= Old Coptic =

Earliest stage of Coptic

A Old Coptic magical text on papyrus from the 2nd century AD, written using both Greek and Demotic characters

Old Coptic is the earliest stage of Coptic writing, a form of late Egyptian written in the Coptic script, a variant of the Greek alphabet. It "is an analytical category … utilised by scholars to refer to a particular group of sources" and not a language, dialect or singular writing system. Scholars differ on the exact boundaries of the Old Coptic corpus and thus on the definition of "Old Coptic". Generally, it can be said that Old Coptic texts use more letters of Demotic derivation than later literary Coptic. They lack the consistent script style and borrowed Greek vocabulary of later Coptic literature. Some even use exclusively Greek letters. Moreover, they are generally or exclusively of Egyptian pagan origin, as opposed to later literary Coptic texts, which are strongly associated with Coptic Christianity and to a lesser extent Gnosticism and Manichaeism.

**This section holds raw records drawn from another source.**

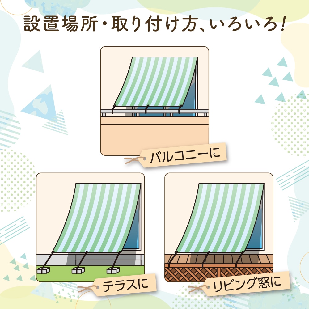 | 日差しを遮り、風を通す!通風性のある生地で、風を通しながら強い日差しや気になる視線をカット。日よけ・遮熱できるサンシェードで涼しく快適に。西日対策としても使えます。紐で固定するので設置場所も取り付け方もいろいろ!バルコニーやリビング窓、テラスなどに。 |
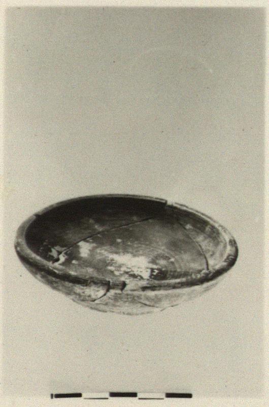 | Description: | Mended from several pieces; complete except for chips. Small shallow saucer with plain upturned rim and flat bottom. Coarsely made; wheel marks on bottom. Dull thin black glaze, much peeled. | |
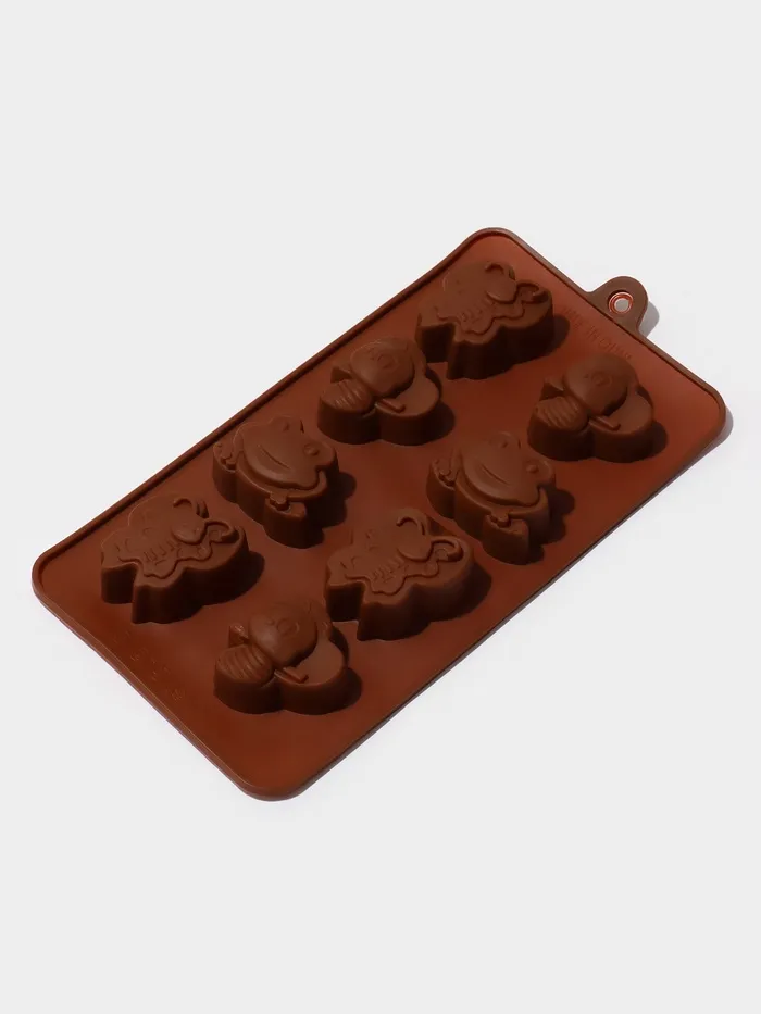 Форма для шоколада Доляна «Насекомые», силикон, 22×11.5×2 см, 8 ячеек, коричневая — Характеристики

The earliest surviving examples of Egyptian words transliterated in Greek script date to the 6th century BC. Whole Egyptian phrases appear in Greek script from the 3rd century BC. The earliest Coptic text known is from the 1st century AD. The earliest stage of experimentation with the Egyptian language in the Greek alphabet is sometimes called Pre-Old Coptic or Graeco-Egyptian. Other authors distinguish between early and late Old Coptic. The production of pagan magical texts written in Egyptian in Greek letters continued into the 4th or 5th century, after the start of Coptic literature proper.